Our Miltoniopsis grow very cool in the winter here in Oregon. We just use more fungicide and plenty of air movement. The real problems arise in high heat and humidity. 

Miltoniopsis do no like large differences between day and night time temperatures. 

Hope this is helpful. 

Theresa


----------



## Scott Ware (Jul 22, 2009)

orchidmaven said:


> As a grower of Miltoniopsis I will chime in.



Listen to Theresa. 

She has this Miltoniopsis thing figured out. 

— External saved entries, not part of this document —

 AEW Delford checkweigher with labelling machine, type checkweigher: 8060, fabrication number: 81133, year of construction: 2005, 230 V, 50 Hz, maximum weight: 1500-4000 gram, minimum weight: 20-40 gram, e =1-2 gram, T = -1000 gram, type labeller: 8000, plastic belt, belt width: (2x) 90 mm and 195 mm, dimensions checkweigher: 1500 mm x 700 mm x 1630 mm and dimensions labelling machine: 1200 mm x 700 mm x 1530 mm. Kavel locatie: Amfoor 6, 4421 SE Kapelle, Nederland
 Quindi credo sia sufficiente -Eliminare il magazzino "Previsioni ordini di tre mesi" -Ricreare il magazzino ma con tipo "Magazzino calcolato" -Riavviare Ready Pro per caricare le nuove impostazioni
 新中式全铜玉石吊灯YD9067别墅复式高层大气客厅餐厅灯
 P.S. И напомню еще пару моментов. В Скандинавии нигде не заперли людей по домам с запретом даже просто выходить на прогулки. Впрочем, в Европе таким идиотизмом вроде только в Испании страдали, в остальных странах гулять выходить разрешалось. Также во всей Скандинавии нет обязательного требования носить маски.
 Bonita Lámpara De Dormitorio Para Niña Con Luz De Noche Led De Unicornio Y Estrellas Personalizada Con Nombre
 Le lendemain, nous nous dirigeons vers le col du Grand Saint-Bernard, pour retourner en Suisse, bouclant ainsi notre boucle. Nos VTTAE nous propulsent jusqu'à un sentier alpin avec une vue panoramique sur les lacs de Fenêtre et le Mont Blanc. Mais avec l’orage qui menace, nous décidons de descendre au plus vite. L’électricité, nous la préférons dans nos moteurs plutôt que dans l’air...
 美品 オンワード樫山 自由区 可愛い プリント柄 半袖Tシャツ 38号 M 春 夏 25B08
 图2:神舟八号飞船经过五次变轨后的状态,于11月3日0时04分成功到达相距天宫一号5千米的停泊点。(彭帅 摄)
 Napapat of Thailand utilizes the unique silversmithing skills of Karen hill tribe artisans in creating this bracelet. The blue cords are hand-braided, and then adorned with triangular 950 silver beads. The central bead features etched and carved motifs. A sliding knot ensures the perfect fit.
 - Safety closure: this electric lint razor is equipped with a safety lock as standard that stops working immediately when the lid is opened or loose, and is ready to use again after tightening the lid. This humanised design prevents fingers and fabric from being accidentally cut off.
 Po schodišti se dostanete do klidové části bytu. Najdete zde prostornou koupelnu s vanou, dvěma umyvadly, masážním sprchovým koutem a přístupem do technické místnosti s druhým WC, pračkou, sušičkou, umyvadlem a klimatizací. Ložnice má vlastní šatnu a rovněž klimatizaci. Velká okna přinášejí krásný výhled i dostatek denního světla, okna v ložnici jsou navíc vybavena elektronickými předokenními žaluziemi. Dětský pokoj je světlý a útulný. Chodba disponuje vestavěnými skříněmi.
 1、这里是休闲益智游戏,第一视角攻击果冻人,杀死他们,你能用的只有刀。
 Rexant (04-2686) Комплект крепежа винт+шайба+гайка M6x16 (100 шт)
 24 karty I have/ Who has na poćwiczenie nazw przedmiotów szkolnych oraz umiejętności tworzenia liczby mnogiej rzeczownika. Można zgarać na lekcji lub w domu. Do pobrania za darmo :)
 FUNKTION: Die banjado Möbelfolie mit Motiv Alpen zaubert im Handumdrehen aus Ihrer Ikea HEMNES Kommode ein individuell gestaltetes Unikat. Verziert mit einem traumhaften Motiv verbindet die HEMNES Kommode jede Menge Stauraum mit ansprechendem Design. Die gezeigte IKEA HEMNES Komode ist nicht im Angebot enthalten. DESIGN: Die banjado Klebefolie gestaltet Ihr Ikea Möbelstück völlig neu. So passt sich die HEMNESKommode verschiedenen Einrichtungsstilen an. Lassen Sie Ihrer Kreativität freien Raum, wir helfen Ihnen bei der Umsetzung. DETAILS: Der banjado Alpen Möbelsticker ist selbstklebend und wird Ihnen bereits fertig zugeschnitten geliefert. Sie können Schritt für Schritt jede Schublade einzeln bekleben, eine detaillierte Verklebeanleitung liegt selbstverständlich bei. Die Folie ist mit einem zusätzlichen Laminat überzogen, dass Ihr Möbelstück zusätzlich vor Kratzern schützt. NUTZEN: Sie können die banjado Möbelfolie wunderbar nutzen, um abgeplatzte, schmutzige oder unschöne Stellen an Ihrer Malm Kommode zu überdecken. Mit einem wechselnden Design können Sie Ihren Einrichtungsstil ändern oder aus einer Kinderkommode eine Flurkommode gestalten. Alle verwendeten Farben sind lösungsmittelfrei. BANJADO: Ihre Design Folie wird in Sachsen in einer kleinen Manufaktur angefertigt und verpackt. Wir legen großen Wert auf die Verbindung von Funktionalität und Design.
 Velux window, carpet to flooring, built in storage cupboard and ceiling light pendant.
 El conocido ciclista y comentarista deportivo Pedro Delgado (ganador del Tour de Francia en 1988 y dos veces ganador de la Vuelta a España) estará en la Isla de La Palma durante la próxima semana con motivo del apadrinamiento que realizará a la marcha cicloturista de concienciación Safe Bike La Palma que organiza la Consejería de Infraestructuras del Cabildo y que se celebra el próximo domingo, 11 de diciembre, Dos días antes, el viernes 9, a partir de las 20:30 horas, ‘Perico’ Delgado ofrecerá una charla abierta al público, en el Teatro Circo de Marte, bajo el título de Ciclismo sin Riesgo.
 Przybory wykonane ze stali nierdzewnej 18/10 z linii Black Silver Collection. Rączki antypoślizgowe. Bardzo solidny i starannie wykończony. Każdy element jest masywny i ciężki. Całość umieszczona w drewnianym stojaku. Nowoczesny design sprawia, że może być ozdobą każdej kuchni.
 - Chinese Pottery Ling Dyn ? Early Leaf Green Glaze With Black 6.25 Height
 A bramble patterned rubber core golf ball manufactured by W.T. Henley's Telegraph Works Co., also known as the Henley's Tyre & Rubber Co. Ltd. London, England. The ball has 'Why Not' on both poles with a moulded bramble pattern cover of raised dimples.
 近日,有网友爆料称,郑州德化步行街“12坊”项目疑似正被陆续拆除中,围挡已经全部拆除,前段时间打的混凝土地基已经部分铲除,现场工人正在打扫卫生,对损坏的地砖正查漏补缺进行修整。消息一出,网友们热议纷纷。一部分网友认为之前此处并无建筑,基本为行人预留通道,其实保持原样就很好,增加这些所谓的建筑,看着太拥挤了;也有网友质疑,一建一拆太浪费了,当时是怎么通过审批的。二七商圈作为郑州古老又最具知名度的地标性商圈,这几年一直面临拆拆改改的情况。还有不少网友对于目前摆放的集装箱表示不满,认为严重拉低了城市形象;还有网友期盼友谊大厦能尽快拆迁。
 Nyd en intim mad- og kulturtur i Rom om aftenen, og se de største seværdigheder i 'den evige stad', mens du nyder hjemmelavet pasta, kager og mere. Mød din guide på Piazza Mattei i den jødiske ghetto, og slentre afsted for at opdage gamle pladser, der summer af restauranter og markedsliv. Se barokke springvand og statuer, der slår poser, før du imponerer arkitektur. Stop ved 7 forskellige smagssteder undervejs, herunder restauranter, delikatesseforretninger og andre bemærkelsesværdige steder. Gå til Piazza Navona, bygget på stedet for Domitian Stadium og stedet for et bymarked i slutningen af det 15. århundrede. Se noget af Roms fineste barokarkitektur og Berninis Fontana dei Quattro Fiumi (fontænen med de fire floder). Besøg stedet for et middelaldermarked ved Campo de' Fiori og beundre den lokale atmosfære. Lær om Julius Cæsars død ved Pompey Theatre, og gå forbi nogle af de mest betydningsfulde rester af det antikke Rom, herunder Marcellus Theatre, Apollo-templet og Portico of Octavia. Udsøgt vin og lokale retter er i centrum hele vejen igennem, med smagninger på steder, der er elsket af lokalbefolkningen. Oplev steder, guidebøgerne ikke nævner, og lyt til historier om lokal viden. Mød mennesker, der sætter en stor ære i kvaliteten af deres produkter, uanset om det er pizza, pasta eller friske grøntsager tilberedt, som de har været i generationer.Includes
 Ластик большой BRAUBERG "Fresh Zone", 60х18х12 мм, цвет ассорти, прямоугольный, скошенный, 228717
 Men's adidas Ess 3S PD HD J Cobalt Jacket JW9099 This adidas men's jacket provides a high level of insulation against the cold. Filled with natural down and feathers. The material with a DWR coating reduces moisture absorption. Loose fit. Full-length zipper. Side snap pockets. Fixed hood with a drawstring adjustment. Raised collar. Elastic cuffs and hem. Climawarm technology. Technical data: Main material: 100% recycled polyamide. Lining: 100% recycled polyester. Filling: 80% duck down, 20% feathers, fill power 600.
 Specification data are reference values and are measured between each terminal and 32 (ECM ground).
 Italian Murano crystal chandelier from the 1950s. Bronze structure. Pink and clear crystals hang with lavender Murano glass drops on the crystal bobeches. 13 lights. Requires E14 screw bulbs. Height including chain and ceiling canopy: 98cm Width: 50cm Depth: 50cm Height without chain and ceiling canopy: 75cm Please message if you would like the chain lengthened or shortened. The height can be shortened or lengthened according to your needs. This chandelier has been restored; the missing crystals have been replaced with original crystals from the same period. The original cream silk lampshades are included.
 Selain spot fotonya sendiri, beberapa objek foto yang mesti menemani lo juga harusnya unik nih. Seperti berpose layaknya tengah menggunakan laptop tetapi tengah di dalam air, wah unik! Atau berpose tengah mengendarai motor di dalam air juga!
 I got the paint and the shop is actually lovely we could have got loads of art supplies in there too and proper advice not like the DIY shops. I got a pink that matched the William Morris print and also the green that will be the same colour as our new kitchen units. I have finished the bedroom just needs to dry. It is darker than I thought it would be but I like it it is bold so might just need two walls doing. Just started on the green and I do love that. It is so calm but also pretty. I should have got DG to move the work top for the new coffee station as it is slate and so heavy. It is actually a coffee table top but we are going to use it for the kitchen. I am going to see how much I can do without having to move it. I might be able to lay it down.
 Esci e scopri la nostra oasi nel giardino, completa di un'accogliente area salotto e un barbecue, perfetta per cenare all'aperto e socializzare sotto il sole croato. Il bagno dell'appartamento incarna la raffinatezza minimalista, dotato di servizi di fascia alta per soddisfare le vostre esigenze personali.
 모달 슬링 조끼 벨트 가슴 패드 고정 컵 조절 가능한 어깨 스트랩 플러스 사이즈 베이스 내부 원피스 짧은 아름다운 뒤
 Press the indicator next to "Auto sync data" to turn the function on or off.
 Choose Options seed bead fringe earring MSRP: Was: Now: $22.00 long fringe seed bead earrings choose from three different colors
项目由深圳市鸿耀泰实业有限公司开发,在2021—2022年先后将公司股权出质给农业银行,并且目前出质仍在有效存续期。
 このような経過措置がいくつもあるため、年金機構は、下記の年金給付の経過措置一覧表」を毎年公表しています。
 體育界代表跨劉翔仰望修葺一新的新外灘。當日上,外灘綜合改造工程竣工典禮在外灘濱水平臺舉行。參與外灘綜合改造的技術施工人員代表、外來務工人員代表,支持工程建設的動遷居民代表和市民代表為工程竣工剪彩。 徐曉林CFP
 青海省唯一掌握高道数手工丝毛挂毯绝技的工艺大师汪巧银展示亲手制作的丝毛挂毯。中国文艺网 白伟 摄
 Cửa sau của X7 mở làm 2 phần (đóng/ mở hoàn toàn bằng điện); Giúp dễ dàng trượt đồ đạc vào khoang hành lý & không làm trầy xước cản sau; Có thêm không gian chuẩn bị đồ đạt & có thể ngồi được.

Check out these photos I took of some of the benches in her nursery:


----------



## SlipperFan (Jul 22, 2009)

Wow!!!

What month were these photos taken, Scott?


----------



## Scott Ware (Jul 22, 2009)

Dot - I took these photos in June of 2006. The peak Miltoniopsis season seems to float a few weeks or so from side to side depending on the weather in the preceding months.


----------



## SlipperFan (Jul 22, 2009)

Thanks, Scott. I've seen Miltoniopsis in orchid shows from November through June, and always wondered when their peak season was.


----------



## Hera (Jul 22, 2009)

Wow that's a field of dreams!


----------



## JeanLux (Jul 23, 2009)

OMG!!!! Thanks for those beautiful pics Scott!!! And thanks for the culture tips Theresa!!! But I am afraid I will not be able to control temps diff. between day/night esp. in summer where my gh day temps can go up to 35/38 C during the day (night less than 20)!!! I killed at least a dozen of them ! Jean


----------



## Elena (Jul 23, 2009)

Todd, that's a beautiful Milt, would be a real shame to lose it.

Pictures of Theresa's greenhouse are amazing!

I'm curious about using peroxide against fungus. Does it need to diluted first? How much? And is it used as a spray or to wipe the leaves or in some other way?


----------



## goldenrose (Jul 23, 2009)

It's easy to understand why I kill them. Scott, Todd & Theresa just keep posting pictures for us to enjoy! Great Job! Thanks!


----------



## orchidmaven (Jul 23, 2009)

Elena said:


> I'm curious about using peroxide against fungus. Does it need to diluted first? How much? And is it used as a spray or to wipe the leaves or in some other way?



My understanding is you spray, drench, and apply 3% over the counter H2O2. 

Theresa.


----------



## SlipperFan (Jul 23, 2009)

A couple references:
http://www.quickgrow.com/gardening_articles/hydrogen_peroxide_horticulture.html
http://www.gardenscure.com/420/latest-growfaq-entries/89267-what-benefits-hydrogen-peroxide-how.html


----------



## toddybear (Jul 24, 2009)

Now that's how I'd like to grow Miltonias!


----------



## Elena (Jul 24, 2009)

Thanks a lot, Theresa and Dot!


----------